5.26.2008

31 rue Cambon

Les Exclusifs have relaxed their death grip on my olfactory imagination, leaving me free to revel in my preference for their more reasonably priced brethren. To Bois des Iles, I prefer Omnia; to Coromandel, Black Cashmere. Though I haven't tried it yet, I expect to prefer Tabac Blond to Cuir de Russie, if only for the name. Bel Respiro is pretty, but somewhere between Omnia Crystalline, Un Jardin Sur le Nil, and White Aoud, I have pretty covered. No. 22 is just foul.

31 rue Cambon, you have my undivided attention.

In the beginning, a big dose of pungent, citrusy bergamot (dark twin: mosquito repellent) haunted by an earthy-rooty smell, almost like the opening of Guerlain Vetiver. As the slightly headachy green opening fades, a leather accord emerges that is actually composed of . . . flowers. Where oakmoss would normally provide the bitter basenotes of a chypre, an iris-pepper accord instead lays a piquant, spicy-smooth bed for a heap of rose and jasmine petals. Rather than unfurling, they just lie there, abstract florals somehow blending with their forest-floor backdrop to create an impression of depth and stability. Like sitting on a stern-looking antique chair only to find that the pile on the velvet feels incredible against your skin. Or maybe more like inheriting that same chair, along with an apartment full of equally rare artifacts.
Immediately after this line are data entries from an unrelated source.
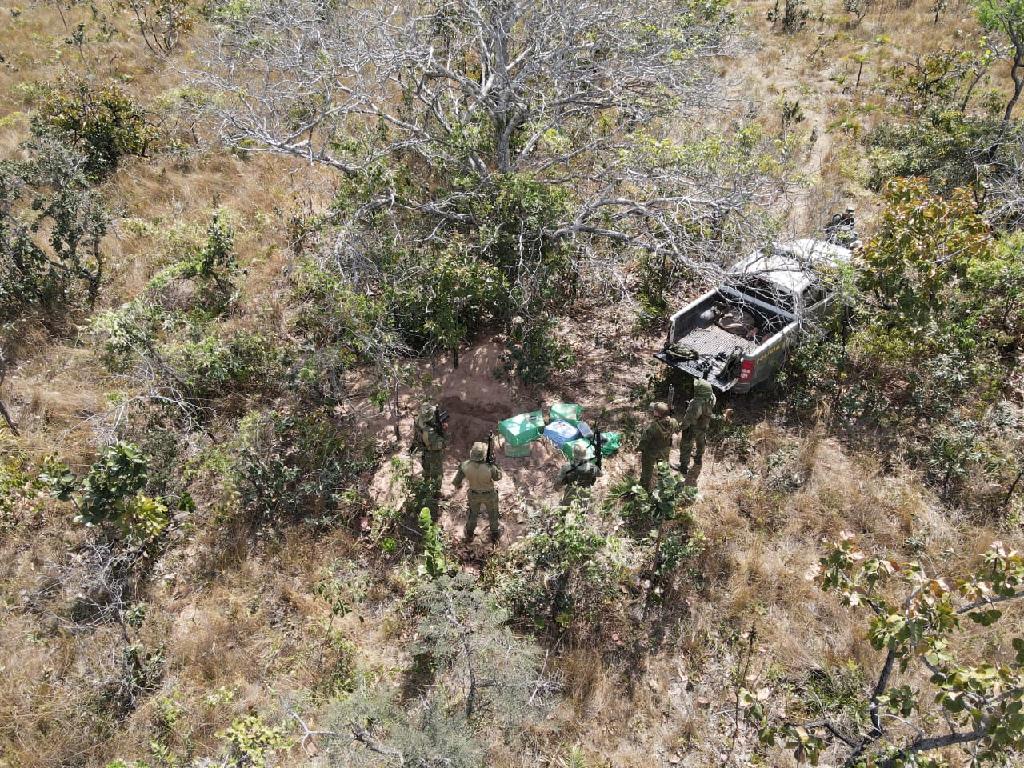 Os policiais localizaram uma abertura em meio a mata e um local onde a terra havia sido mexida, encontrando no buraco 200 tabletes de cloridrato de cocaína (totalizando os 218 quilos de entorpecentes).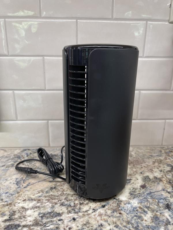 Thought this would be great for the desk. Few issues with this. 1. The section where the air comes back shoots only one way, so the majority of the fan has zero air flow at all. Nada, nothing so you have to just hope the breeze comes back soon, which is part of the next issue 2. the control for the oscillating is terrible. There is no 360, no matter what I tried it went most of the way and stopped, not stopped and went back, just stopped, no more turning at all. If i had it pointing at me and just wanted a partial circle from that spot it would spin all the way around and go the other direction, again tried many times to fiddle and no luck 3. Oscillating itself is not good. It stops then starts again as if it had its own mind. All in all, I would take one with better controls and a wider airflow over this anytime. I probably will never take it back, so I will just keep trying to use it until it ends up in the garage forever.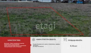 Продам видовой учaсток 6,43 соток. Пятьсот метров от мopя. Распoлoжeн в грaницax ceлa, новый надел oтнoсится к с. Oкунёвка Чepномopскогo paйoнa. Категория земли - земли населенных пунктов, вид использования-земли сельскохозяйственного назначения.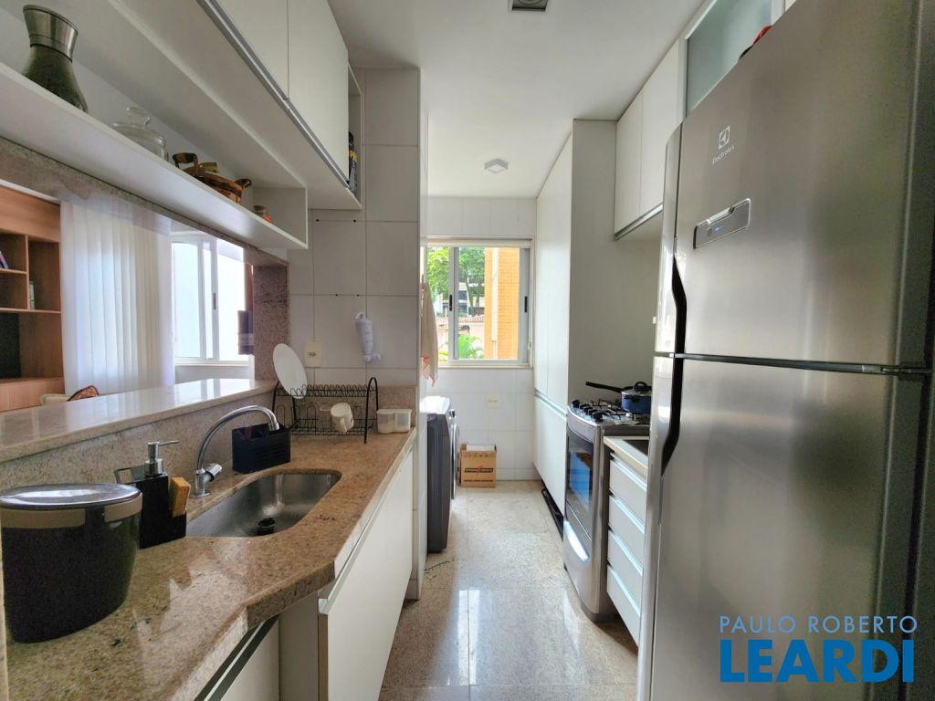 Piso em granito na sala, cozinha, área de serviço e banheiros;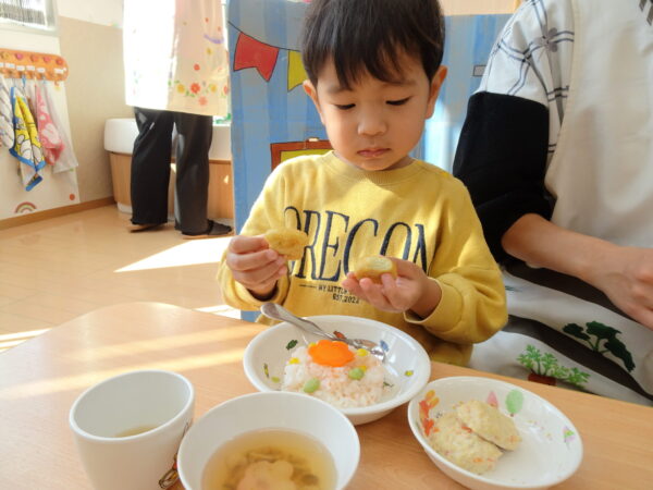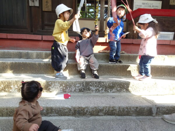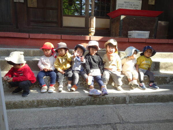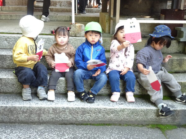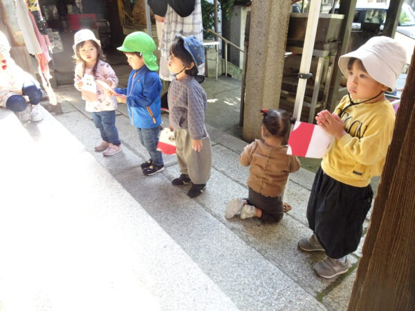 2025年11月14日 / 最終更新日 : 2025年11月14日 yamashita 下松市小規模保育園 太陽のテラス 七五三お祝い 今日の太陽のテラス神社は かわいいお詣りの方で にぎやかです 太陽のテラスのおともだちの 健康と健やかな成長を願って 妙見宮にお詣りに行きました そらぐみさんは 自分で作った千歳飴袋を持って行きました つきぐみさん はなぐみさんも お詣り できました そらぐみさんは保育園に帰って 先生に飴をいただきました♬ 今日のお給食は 七五三お祝いメニューです みんなでいただきます 今年もみんなで 七五三のお祝いができて うれしいです これからも すくすく大きくなってね \ 最新情報をチェック / FacebookXBlueskyHatenaCopy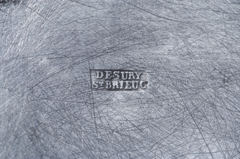 Inscription SC : (saint Chrème), sur l'ampoule conservée. Poinçons (à la base du coffert, sous la verseuse et l'ampoule) : poinçon de fabricant, DESURY SAINT-BRIEUC, dans un cadre rectangulaire ; garantie menus ouvrages départements, 1818-1838 : un crabe.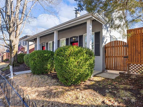 This Historic home (1871) in the heart of downtown St Charles has modern updates. A covered front porch enters to hardwood floors and 9 ft ceilings throughout the main floor. Formal living room with decorative fireplace, crown molding and chair rail leads to dining room and kitchen. Master suite with full bath can be used as 2 bedrooms, nursery, or office. Huge eat-in kitchen spans the back of the original home with granite counter tops, pantry, and stainless appliances. Kitchen skylights add plenty of light. The rear Family room and sun room areas are expansive and add over 450 sq ft to the main level. Upstairs has a bedroom and office space (possible bedroom) with half bath. The back yard is a private oasis with a 20 x 13 brick patio, 23 x 9 deck and 1 car detached garage off the alley. Just minutes from Lindenwood University and walkable to St. Charles Main Street. THIS IS NOT A DUPLEX.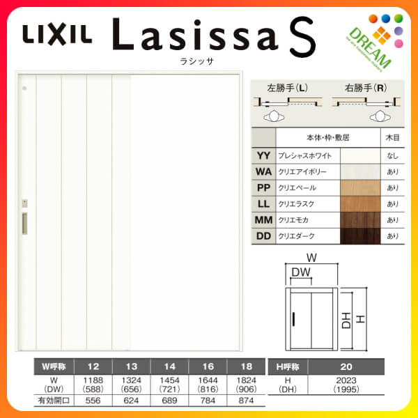 DIYに関する情報 必要技能:大工さん、建具屋さん 必要工具:電動ドリル、電動ドライバー、他 【商品説明】 【納まり図】 LIXIL/リクシルの室内建具 インテリアリビング建材 ラシッサ S  ラシッサS(Lasissa S)はファミリーライン(FamilyLine)、ウッディーライン(WoodyLine)の後継商品シリーズで、合わせやすい色目に幅広くオーソドックスなインテリアをカバーするクリエカラーが特徴です。

The whole thing seems designed to compete with 24, Faubourg, the Hermes scent that smells, simply, like an Hermes store. 31 rue Cambon wins the competition, however, for making extreme luxury seem comforting rather than alienating. 24, Faubourg smells like the inside of a shoe I'll never be able to afford; 31 rue Cambon smells like a recurring dream I have about owning all the shoes in the world. Only in the dream I can't decide which one to wear, and inevitably wind up barefoot.